-- Task to complete --
Skip the pictures. Give all the data again exactly.

━━ Data below

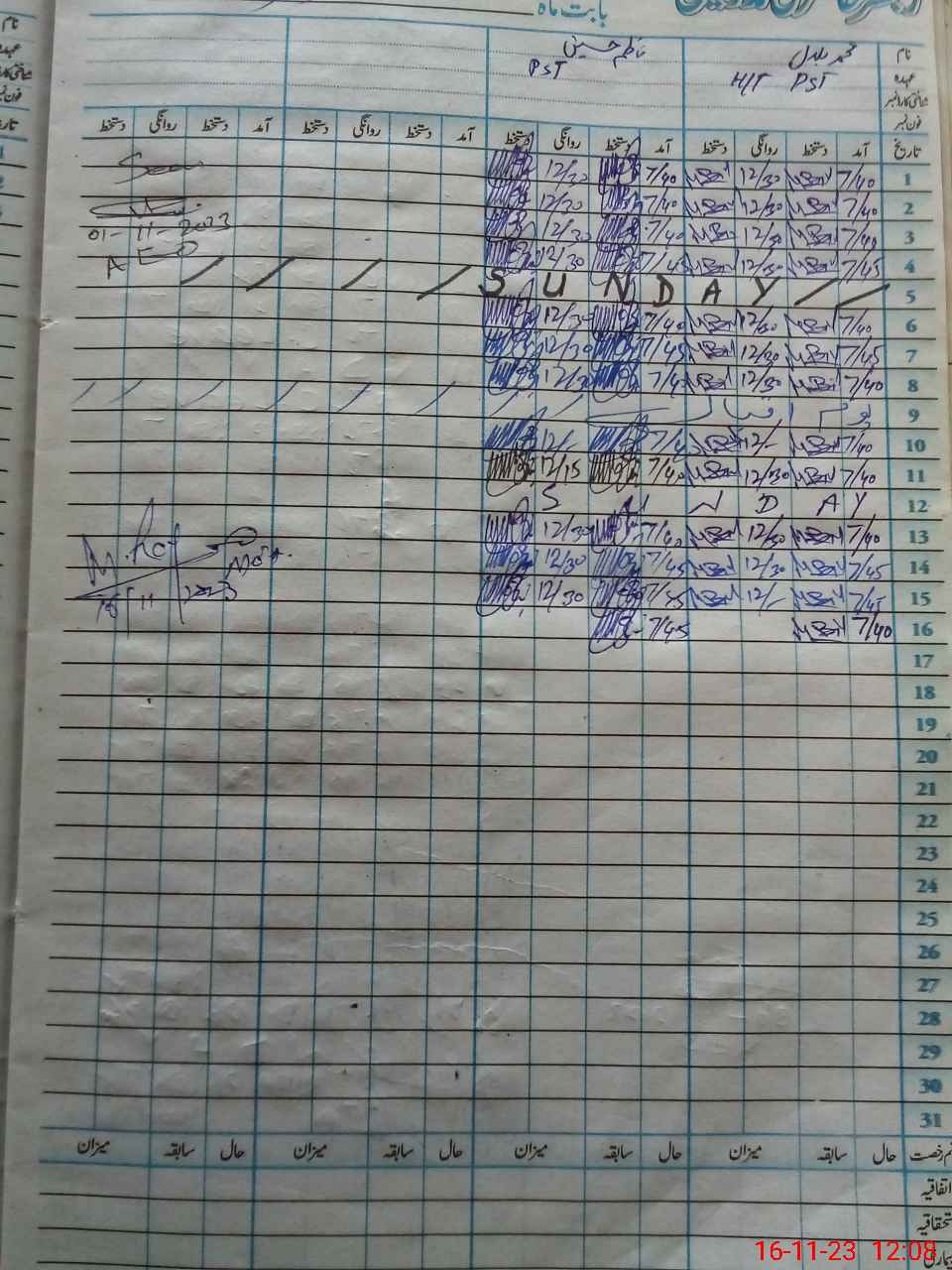 | CNIC | Full Name | Designation | R/C | Absence During Last Calender Month |
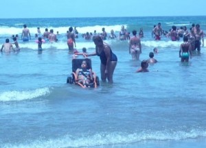Mulher está ao lado de mulher em cadeira anfíbia, dentro do mar
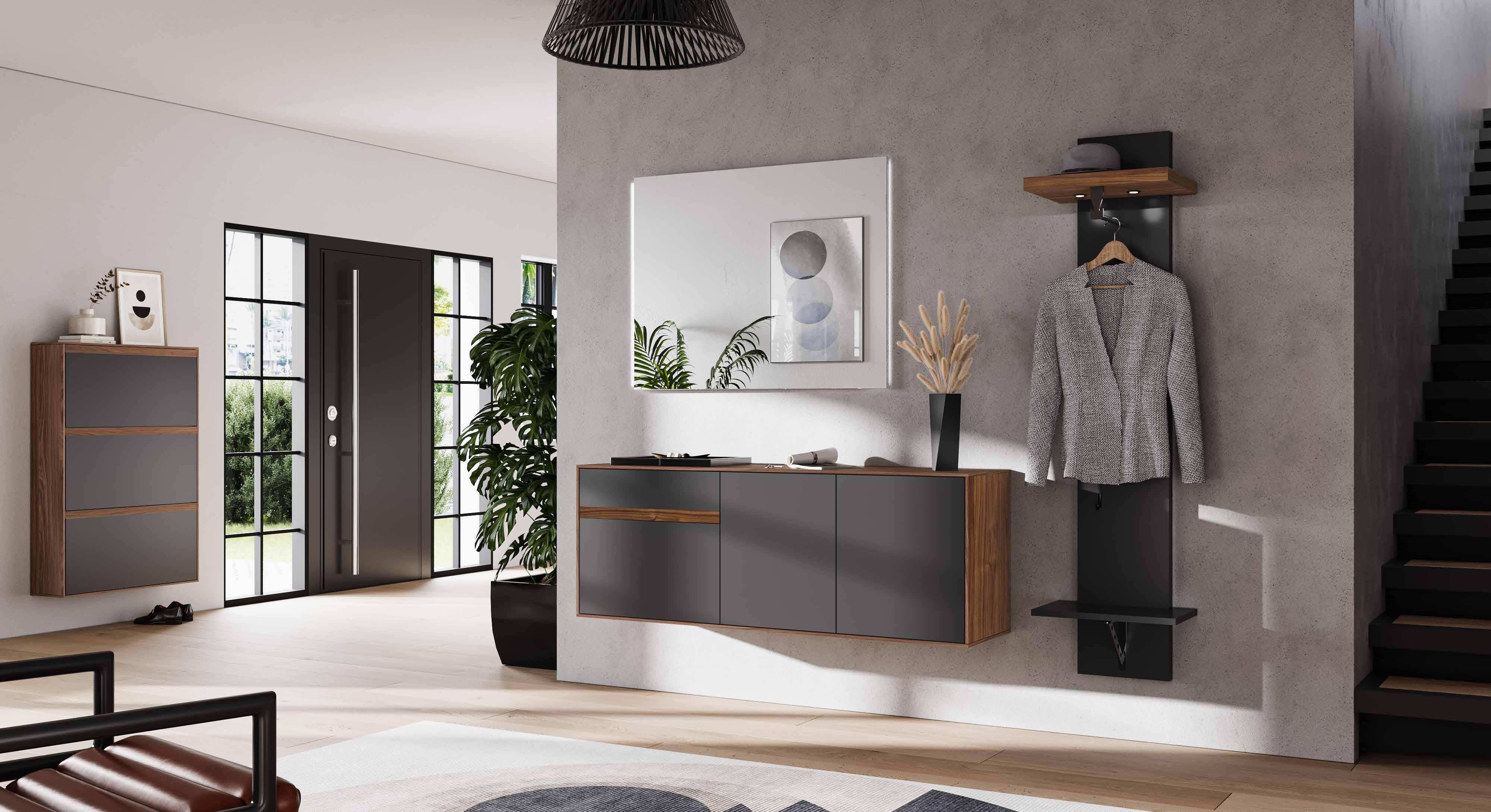 Wahlweise in Holz- oder Lackumrahmung, mit oder ohne Holzakzent in der Front überzeugt das Modell in seiner schlichten Eleganz. Kreieren Sie beliebig viel Stauraum, hinter Türen und Schubladen oder ganz raffiniert mit dem Schuhkipper mit Metallkörben.

━━━━

-- Result of this exercise --
 | CNIC | Full Name | Designation | R/C | Absence During Last Calender Month |
Mulher está ao lado de mulher em cadeira anfíbia, dentro do mar
 Wahlweise in Holz- oder Lackumrahmung, mit oder ohne Holzakzent in der Front überzeugt das Modell in seiner schlichten Eleganz. Kreieren Sie beliebig viel Stauraum, hinter Türen und Schubladen oder ganz raffiniert mit dem Schuhkipper mit Metallkörben.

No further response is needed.